We have previously held that general contract law principles govern tax settlement cases. Treaty Pines Investments Partnership v. Commissioner of IRS, 967 F.2d 206, 211 (5th Cir.1992). Moreover, in the context of settlement agreements utilizing the Form 870-L(AD), we have considered the very same argument now asserted by Taxpayers. In Brookstone Corp. v. United States, 58 F.3d 637 (5th Cir.1995) (per curiam) (unpublished),1 we affirmed the district court's determination that a settlement reached between the taxpayer and the IRS was not accepted upon the taxpayer signing the Form 870-L(AD), but only when it was signed by the IRS. The Form 870-L(AD) was accompanied by a transmittal letter that contained language which, if read in isolation, might be interpreted to mean it was an offer subject to acceptance by taxpayers signing it. However, we distinctly held that the operative document was the Form 870-L(AD), which was unequivocal and stated that the settlement agreement would not take effect until signed by the IRS. Thus, we rejected taxpayer's argument and affirmed the district court. Brookstone, slip op. at 2.

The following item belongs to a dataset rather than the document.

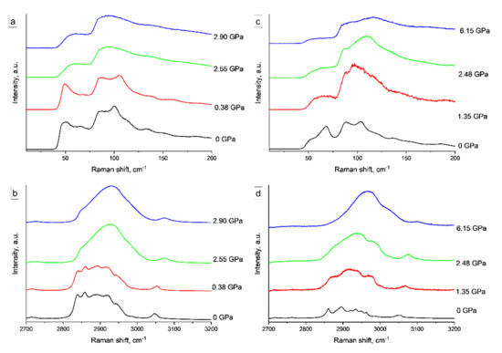 High pressure experiments were provided in different PTMs using DAC as reported in the Section 2. Usage of SCXRD was limited due to the poor diffraction data, which is a result of the nature of the LLHM crystal structure (defining plasticity) and DAC construction. Thus, only Raman spectra were recorded for all high-pressure experiments.

The facts of Brookstone are similar to the facts of the instant case and thus we follow its reasoning. We are not persuaded by the taxpayers' argument that the use of the words "offer" and "accept" in the Balboni letter constituted language of an offer for the taxpayers to accept. If we narrowly interpret the Balboni letter as controlling then we lose sight of Form 870-L(AD)'s relevance as the operative document. Balboni's letter was written as a point of clarification of the Palka letter and to reaffirm the requirements enumerated in Form 870-L(AD), but at no time was this letter to supersede the Form 870-L(AD). Nonetheless, when the documents are read together, it is quite apparent that Form 870-L(AD) is an invitation to offer which requires acceptance by the Commissioner prior to the settlement taking effect. See Gillilan v. Commissioner, 66 T.C.M. (CCH) 398, 1993 WL 311552 (1993) (stating that taxpayers signing of Form 870-L(AD) was an offer to settle certain partnership items that could not constitute an agreement until accepted by the IRS).
Taxpayers argue that binding settlement agreements have been found to consist of exchanges of letters, such as what is present in the instant case. See Treaty Pines, 967 F.2d at 211; Haiduk v. Commissioner, 60 T.C.M. (CCH) 864, 865-66, 1990 WL 136717 (1990). Taxpayers' argument, however, cannot overcome the presence of the Form 870-L(AD) and its unambiguous language.2 Although taxpayers make an attempt to argue that the Form 870-L(AD) is ambiguous, the plain language of the form refutes this argument. Part I of the form (addressing partnership items) notes that "the undersigned [taxpayer] offers to enter into a settlement agreement" with respect to partnership items shown on an attached schedule. Further down on the form it states that "this offer is subject to acceptance for the Commissioner of the Internal Revenue Service.... Unless and until it is accepted, it will have no force or effect." As Brookstone concluded, this language is unambiguous and therefore it is controlling. As such, the settlement agreement was entered into as a matter of law on December 6, 1991, when the IRS accepted the offer by signing the Form 870-L(AD). Thus, the IRS's assessments executed on December 3 and 4, 1992 were not time-barred.
CONCLUSION
Having found that the IRS made a timely assessment of the tax penalties at issue because it was made within one year after the IRS and the taxpayers entered into a settlement, we AFFIRM.